El hito del viernes a las 20:00
Nuestra dinámica habitual en el primer proyecto era quedar el jueves por la tarde o viernes por la mañana con el lema “tranquilos, que llegamos”. Un viernes a las 19:30, estábamos todos conectados por Discord con máximo estrés. El producto estaba casi terminado. Pero, repasando el plan vemos que nos faltan varias cosas previstas para esa entrega (los vídeos debían estar subtitulados en dos idiomas...). ¿Qué pusimos en el seguimiento? Que todo estaba acabado y revisado. En dirección de proyectos esta situación se conoce como efecto sandía, los informes muestran un estado saludable o "verde" por fuera, pero por dentro hay una crisis representada con el "rojo" de peligro. Según un informe de Gartner de 2015 el 75% de las organizaciones observa que el 20% de sus proyectos ocultaban problemas graves a pesar de estar calificados como saludables (verde).
Problemas
En proyectos TIC el efecto sandía lo causa principalmente una cultura corporativa que penaliza los errores. Esto produce que los equipos oculten los problemas por miedo a las consecuencias y porque no se sienten seguros al hablar con total sinceridad. Un recurso que se usa son las "métricas de vanidad", que destacan la finalización de tareas sencillas, como la capa de presentación, y evitan mencionar la deuda técnica (funcionalidades pendientes). La información subjetiva manipulada que llega a la jefatura tiene un sesgo de optimismo.
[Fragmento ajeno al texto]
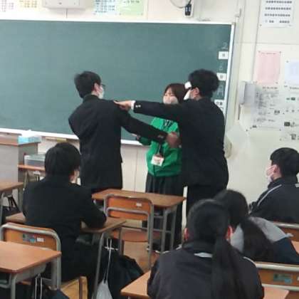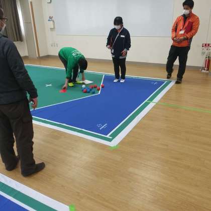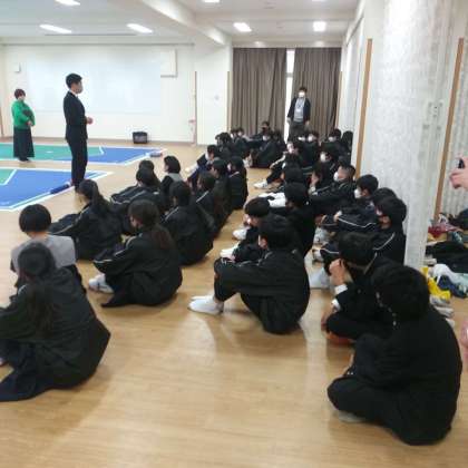 2月6日(月)、5限目・6限目に、交流ホールにおいて、7年生の福祉教育体験が始まりました。中学校の教頭先生のお話しと西成区社会福祉協議会の方からのお話しを聞き、1組・2組に分かれて、体験活動『ボッチャ』『アイマスク』をしました。
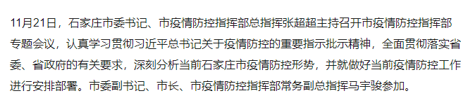 11月22日消息:11月21日,石家莊市委書記、市疫情防控指揮部總指揮張超超主持召開市疫情防控指揮部專題會議,認真學習貫徹習近平總書記關于疫情防控的重要指示批示精神,全面貫徹落實省委、省政府的有關要求,深刻分析當前石家莊市疫情防控形勢,并就做好當前疫情防控工作進行安排部署。市委副書記、市長、市疫情防控指揮部常務副總指揮馬宇駿參加。
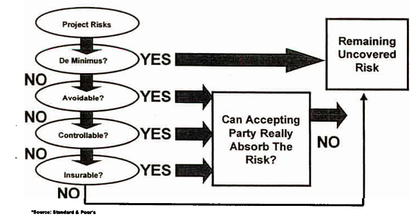 The risk allocation result directly affects the financial feasibility of the project. As depicted in Figure 3, the process used by lenders and credit analysts attempts to identify any risk that remains uncovered by the project participants. Lenders will analyze the project risks and will determine their magnitude and ability to be managed. In the event the "remaining uncovered risks" are significant or unmanageable to the parties in the transaction, the lenders will avoid the transaction.
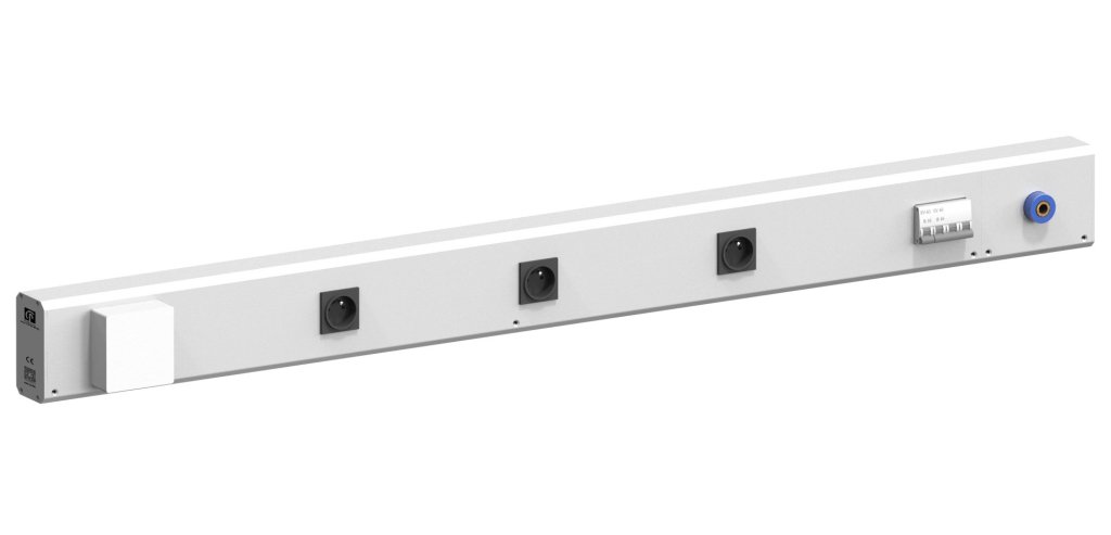 Elektrolišta, 3x zásuvka 230V / 16A, 1x jistič 230V / 16A, 1x zásuvka 400V / 16A, 1x jistič 400V / 16A, dodáváno bez přívodního kabelu (400V / max. 20A) a pneumatické hadice, s pneumatickou rychlospojkou. Šířka 1414 x výška 123 x hloubka 66 mm.
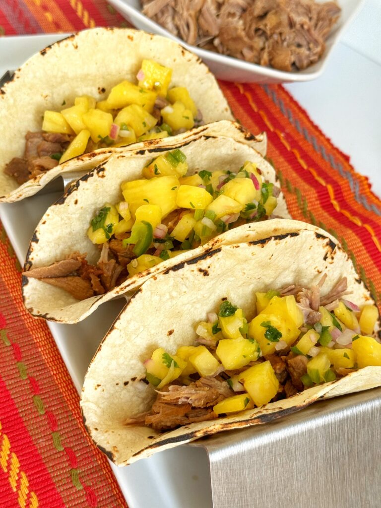 Tacos al pastor are a traditional Mexican dish of marinated pork, traditionally slow-cooked on a vertical spit with pineapple, then sliced thin and served in corn tortillas with toppings like cilantro and onion. This recipe can be made in a slow cooker in 5 hours. I chose to use my pressure cooker to reduce the cooking time to 45 minutes. I also made a fresh pineapple salsa to garnish the charred corn tortillas. Delicioso!
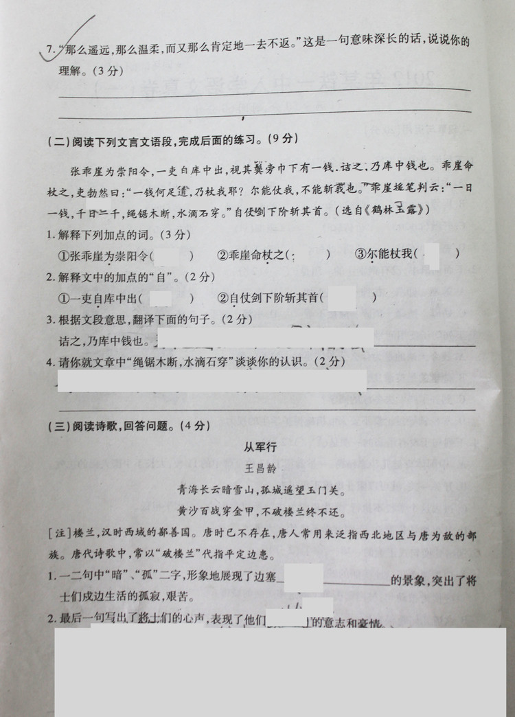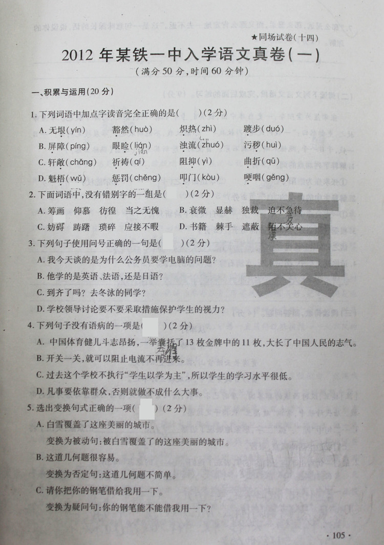 2012年铁一中入学语文真卷(一)
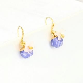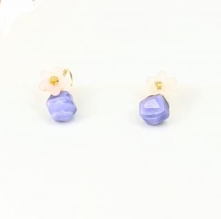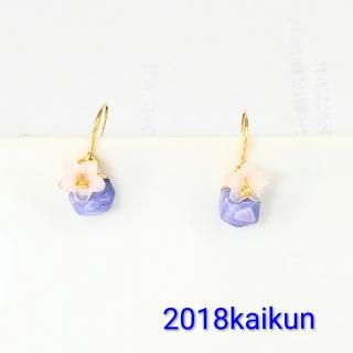 一点限り パープル天然石と花のピアス【3011】
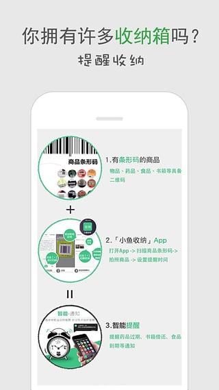 1、隨時(shí)隨地,時(shí)刻提醒:到期收納物品定時(shí)提醒,好記性不如好提醒;錄入的收納信息可以智能搜索查找。2、從此更安心更省心:打開小魚收納APP,點(diǎn)擊掃描二維碼或條形碼,拍攝收納圖片及說明描述。
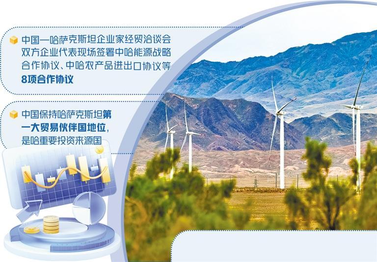 中国驻哈萨克斯坦大使韩春霖表示,建交30多年来,中哈关系取得跨越式发展,在国际上树立了睦邻友好的合作典范。近年来,两国经贸务实合作驶入“快车道”,中国保持哈第一大贸易伙伴国地位,是哈重要投资来源国。中方愿与哈方共同努力,推动两国企业扩大能矿资源贸易“基本盘”,挖掘新能源、农产品等新增长点,培育跨境电商、数字经济等新型业态,促进服务贸易发展,尽早实现两国确定的贸易额翻番目标。
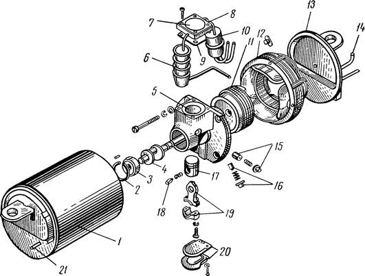 11 – ротор; 12 – статор; 13 – крышка; 14 – всасывающая трубка; 15 – редукционный клапан; 16 – масляный насос; 17 – поршень; 18 – палец с клином; 19 – шатун;

En la actividad de dirección de proyectos también surge el efecto sandía. Lo produce percibir a la documentación como un trámite burocrático sin ningún valor real. Pero, y esto hay que asimilarlo bien, el plan del proyecto es la hoja de ruta que marca el itinerario a seguir al equipo, y el seguimiento es comprobar y registrar el camino que realmente se hace. Por tanto, reflejan nuestras decisiones estratégicas.
Al rellenar un plan con prisa creas un itinerario incoherente y contradictorio. Por ejemplo, en una sección decides usar una herramienta y en otra mencionas otra diferente. Si se trasladan estas contradicciones al cliente puede darse cuenta de que el equipo va a la deriva. Un plan hecho así no sirve para nada y contribuye a aumentar las probabilidad de fracaso en el proyecto.
Soluciones
Si quieres evitar los defectos de forma y evitar el efecto sandía te sugiero lo siguiente:
- Los planes son decisiones estratégicas: escribid los planes con cabeza, cread una lista de tareas y ponedles plazos y responsables.
- Sinceridad: hay que crear buen ambiente y fomentar la confianza en el equipo para conseguir que en el documento de seguimiento se explique qué ha ocurrido realmente. Mentir en ese documento es hacer un trabajo inútil.
- Revisión final: antes de hacer una entrega, reuniros algunos del equipo y comprobad que no falta nada, que todo cuadra. Hay que evitar hacerlo todo (el producto y su revisión) a última hora, porque el cansancio acumulado os hará tomar atajos.
Conclusión
Un proyecto no es la calidad del producto conseguido, es dar respuesta a todas las solicitudes que te han hecho y no trabajar en balde. Improvisar un producto a última hora y rellenar los planes y seguimientos de cualquier manera es la antítesis de la dirección de proyectos. El plan y su revisión periódica no es algo que se haga si sobra tiempo. Nunca sobra tiempo para nada. Hacer un proyecto es recopilar qué me piden, pensar cómo lo vamos a hacer e ir contrastando lo pensado con lo que se va haciendo. Los esfuerzos de reflexión y comprensión son imprescindibles. Evita cometer errores que invaliden tu trabajo (defecto de forma) o informar del avance de tu proyecto de forma engañosa (efecto sandía).
Referencias
- ¿Qué es defecto de forma y fondo? (billin.net).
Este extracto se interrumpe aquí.